■ RECORDS FOR THE TASK ■
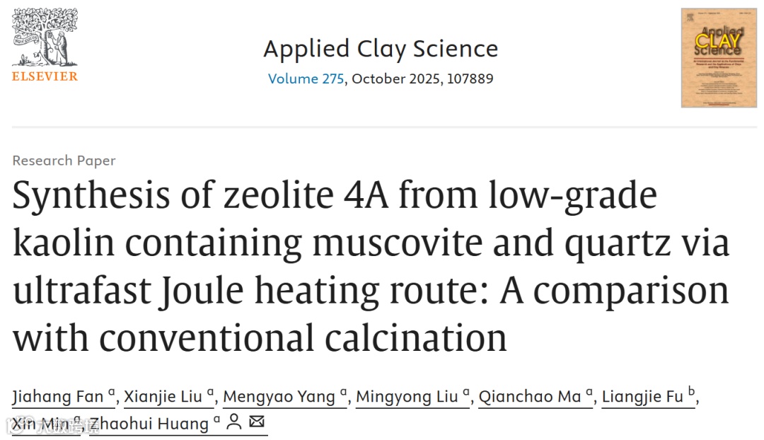 在资源高效利用与绿色发展的时代浪潮下,从低品位矿物资源中提取高附加值材料成为科研热点。沸石 4A 作为一种应用广泛的微孔结晶硅铝酸盐,在吸附、催化等领域有着重要地位,但其传统制备方法存在成本高、资源消耗大的问题。近期,中国地质大学(北京)黄朝晖教授团队在《Applied Clay Science》上发表的成果,为这一困境带来了新的解决方案,也为深圳中科精研在相关领域的探索提供了参考。
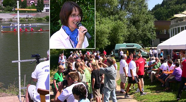 Regattaleiterin Tanja Günder (kleines Bild), eine erfahrene Regattasprecherin des Deutschen Ruderverbandes, kommentierte die Rennen für die Zuschauer. RGE-Mitglieder sorgten für ein reichhaltiges Bewirtungsangebot.
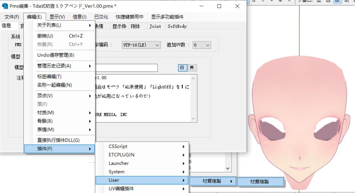「编辑」-「插件」-「User」-「材質複製」-「材質複製」
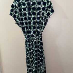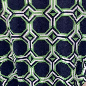 Chic midi dress with geometric design. Features navy and green colors. Ideal for versatile wear.
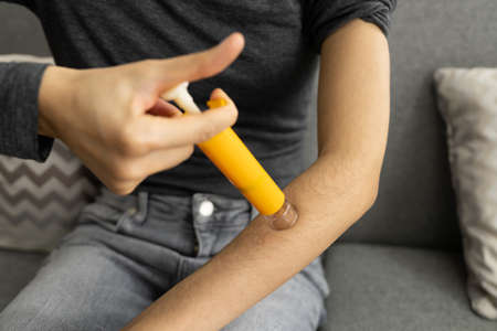 Mosquito repellent. Close-up of an insect repellant spray. Means for repulsion of blood-sucking parasites. concept photo
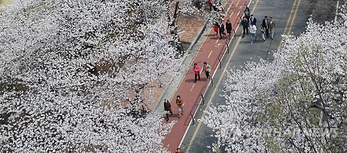 △ 벚꽃축제를 앞둔 8일 오후 벚꽃이 만개한 서울 여의도 윤중로를 시민들이 걷고 있다. 2015.4.8

■ EXERCISE ■
Reprint all the data above verbatim, excluding pictures.

■ RESULT BELOW ■
 在资源高效利用与绿色发展的时代浪潮下,从低品位矿物资源中提取高附加值材料成为科研热点。沸石 4A 作为一种应用广泛的微孔结晶硅铝酸盐,在吸附、催化等领域有着重要地位,但其传统制备方法存在成本高、资源消耗大的问题。近期,中国地质大学(北京)黄朝晖教授团队在《Applied Clay Science》上发表的成果,为这一困境带来了新的解决方案,也为深圳中科精研在相关领域的探索提供了参考。
 Regattaleiterin Tanja Günder (kleines Bild), eine erfahrene Regattasprecherin des Deutschen Ruderverbandes, kommentierte die Rennen für die Zuschauer. RGE-Mitglieder sorgten für ein reichhaltiges Bewirtungsangebot.
「编辑」-「插件」-「User」-「材質複製」-「材質複製」
 Chic midi dress with geometric design. Features navy and green colors. Ideal for versatile wear.
 Mosquito repellent. Close-up of an insect repellant spray. Means for repulsion of blood-sucking parasites. concept photo
 △ 벚꽃축제를 앞둔 8일 오후 벚꽃이 만개한 서울 여의도 윤중로를 시민들이 걷고 있다. 2015.4.8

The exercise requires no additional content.